Nowy Rok przynosi podatnikom nowe wyzwania. Nie będzie wprawdzie już takiego podatkowego tornada, jakie zafundował nam Polski Ład w pierwszych dniach stycznia 2022 r., ale 2023 r. też zapowiada się ciekawie.
Przede wszystkim diametralnie zmienia się sytuacja osób zarabiających na wynajmie. Od 1 stycznia 2023 r. jedyną formą opodatkowania najmu prywatnego (czyli takiego, który nie jest rozliczany w działalności gospodarczej) jest ryczałt. To podatek liczony od przychodu. Bez możliwości odliczania kosztów, w tym amortyzacji. Na ryczałcie nie ma też kwoty wolnej, podatek płacimy od każdej zarobionej złotówki.
Zakaz amortyzacji
Tak więc wynajmujący prywatnie nie mogą już rozliczać się według skali. Taką możliwość mają ci, dla których wynajem jest biznesem. Oni odliczą koszty, z wyjątkiem amortyzacji mieszkań/domów. W 2023 r. jest już definitywnie zakazana.

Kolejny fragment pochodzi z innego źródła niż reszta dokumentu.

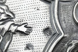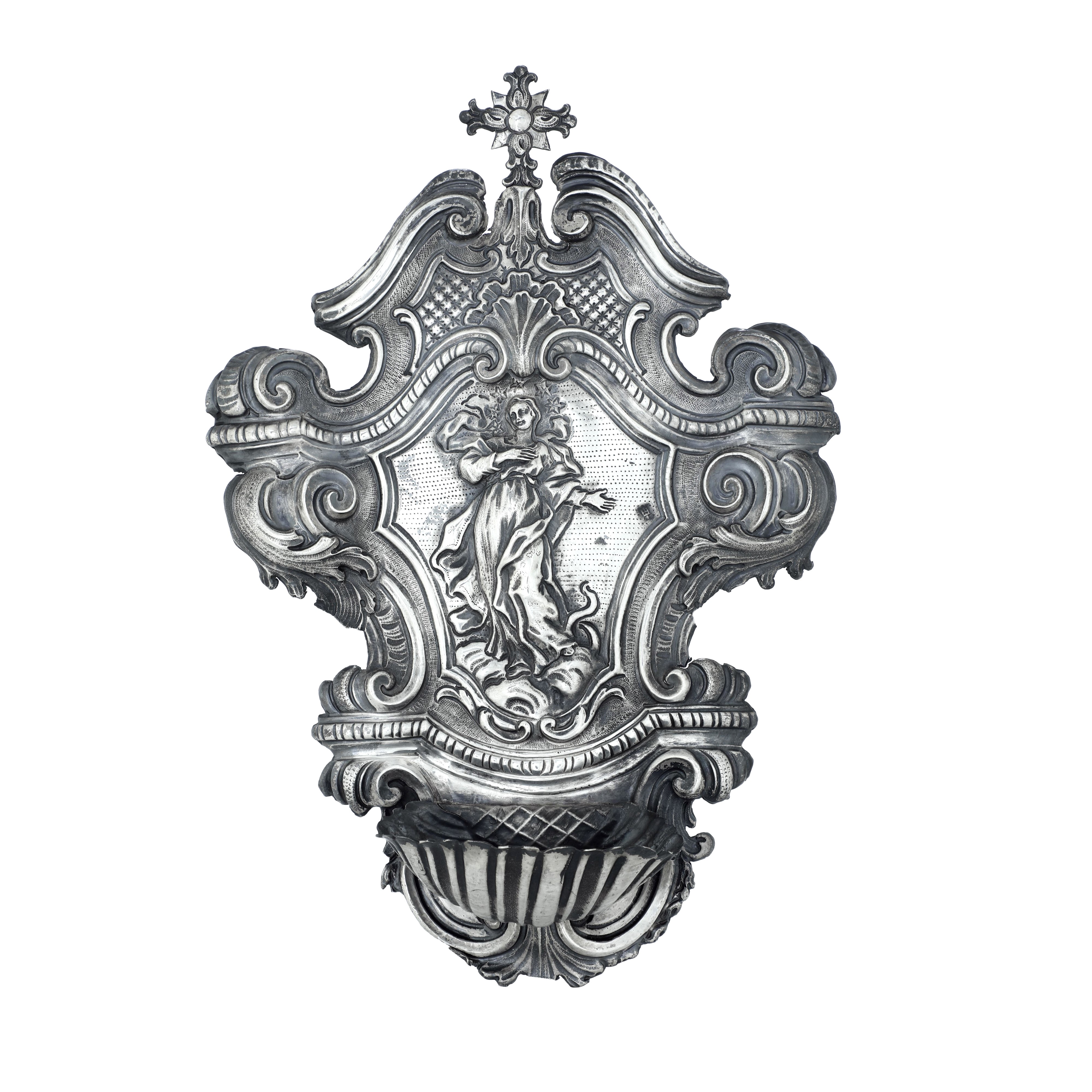 Genova, metà del XVIII secolo, marchio della "Torretta" con datario (17)49 Acquasantiera con l'Immacolata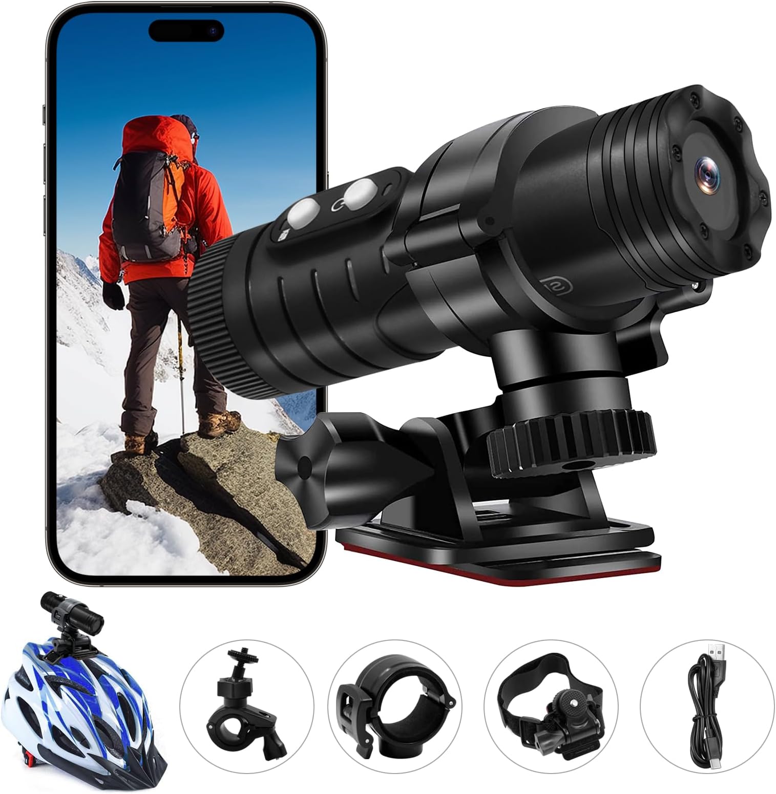 SecuraLen Mini Action Cam WiFi 1080P - Wasserdichte Helmkamera Mit 4h Akku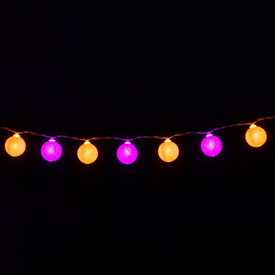 Christmas lights, LED lights, black background, decorative lights, glowing bulbs, hanging lights, holiday lights, light strand, neon lights, orange lights, party lights, purple lights, round bulbs, string lights, fairy lights
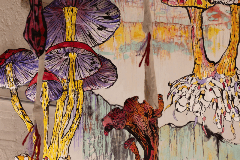 La mostra si apre a Malga Costa con tre diorami in carta, installati nelle nicchie dello spazio espositivo. Tra i protagonisti, il Bostrico Tipografo (Ips typographus), minuscolo coleottero che ha trovato terreno fertile tra gli alberi abbattuti dalla tempesta Vaia, cambiando radicalmente il volto del paesaggio. Nella Malga, il visitatore è accolto da un’installazione immersiva realizzata in carta e cartapesta: un universo onirico, in continua metamorfosi, popolato da esseri immaginari. Un ecosistema alieno eppure familiare, che invita a ripensare le gerarchie tra umano e non umano.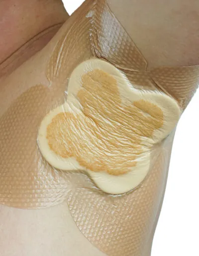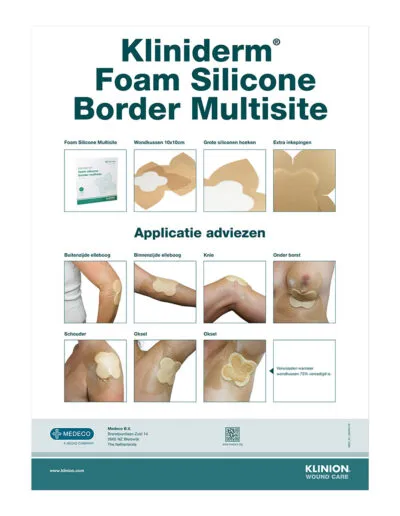 Voor de opmaak van deze gebruiksaanwijzing werd ons gevraagd om de pleister waar het hier om draait, bij ons in huis te fotograferen op een model. Door de wondverpleegkundige werden de pleisters kundig aangebracht. Het wondvocht kwam tot stand met behulp van een kopje thee!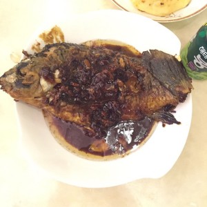 煎好鱼,用锅铲滑到锅一边,下葱姜蒜和豆瓣酱、大料炒香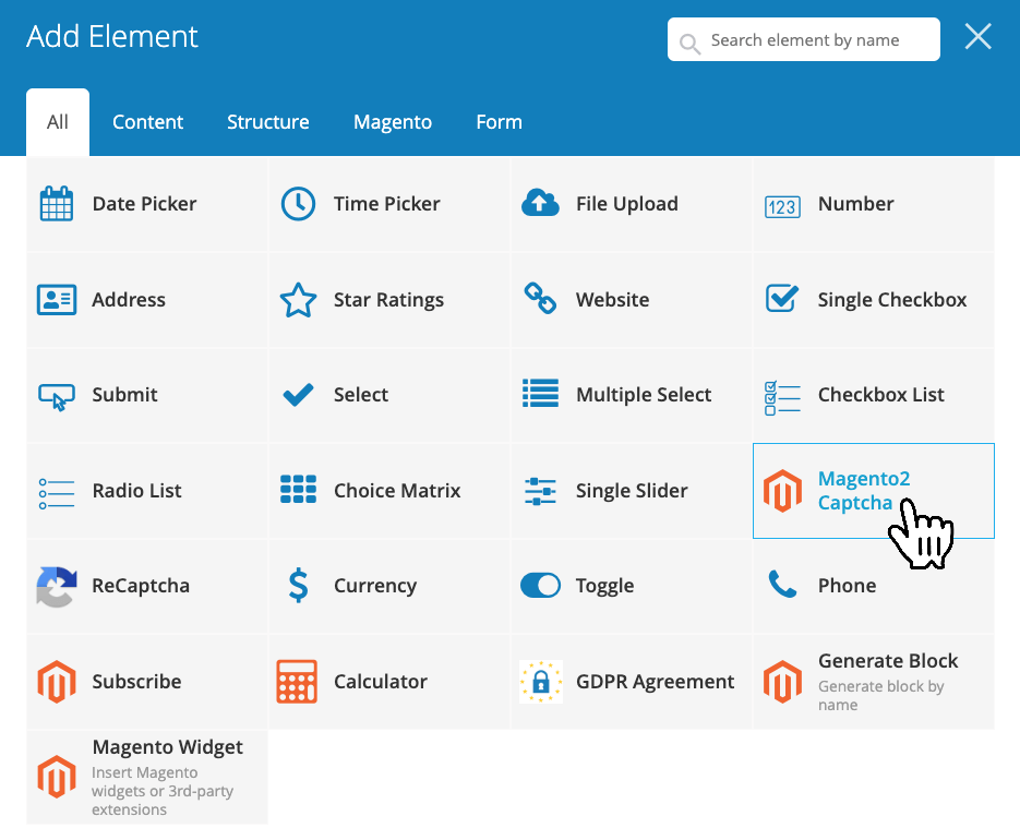 Blue Form Builder makes it more time-saving by configuring Magento 2 Captcha into an element. All you have to do is add this element into your forms.
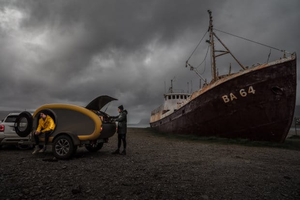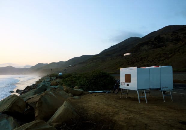 Wij zijn groot fan van Hitch Hotel, een Amerikaans alternatief voor de doorsnee caravan. Je bevestigt deze uitschuifbare kubus (173 x 89 cm) – zonder wielen – boven op je trekhaak. Tijdens het rijden kun je er bijvoorbeeld je kampeerspullen en fiets in opbergen. En als je eenmaal bij je slaapplek bent aangekomen, gebruik je de uitschuiffunctie om een slaapcompartiment voor twee à drie personen te creëren. Hitch Hotel heeft ramen, kan op slot en beschikt over handige extraatjes zoals een USB-aansluiting. Huren kan vooralsnog alleen in het Californische Pleasant Hill, vanaf € 83 per nacht, outdoorsy.com. Kijk voor meer informatie op hitchhotel.com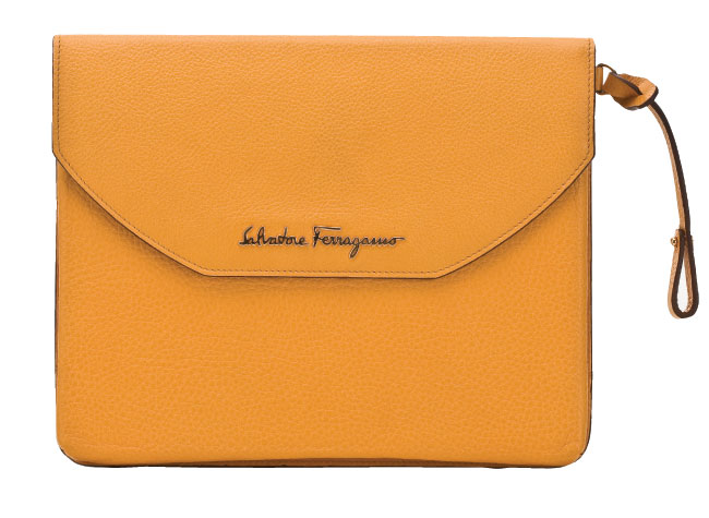 SIMPLY STATED | Be the envy of your traveling companions with Salvatore Ferragamo’s yellow calf leather iPad case; it protects while looking amazing. $390, available at Salvatore Ferragamo boutiques nationwide, (800) 268-8916, ferragamo.com.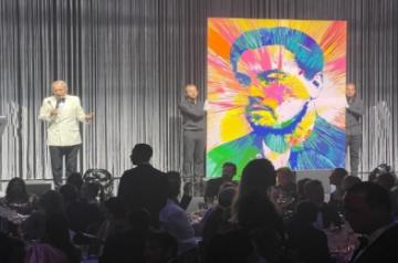 At around midnight, the charity devoted to raising money for AIDS research unveiled a one-of-a-kind portrait of DiCaprio. Two men rolled the large canvas of art onstage, as if they were handling the Mona Lisa. This was not a gag -- it was, in fact, actually valuable, notes 'Variety'.

– To fiskalne zmiany, które uszczuplą zyski wynajmujących. Mogą też spowodować jeszcze większy wzrost cen najmu i niższą dostępność lokali dla tych, których nie stać na zakup własnego mieszkania – komentuje Przemysław Pruszyński, doradca podatkowy w Konfederacji Lewiatan.
Amortyzować mieszkań/domów nie mogą już także ci przedsiębiorcy, którzy prowadzą w nich swój biznes. Zostają im natomiast koszty ich utrzymania.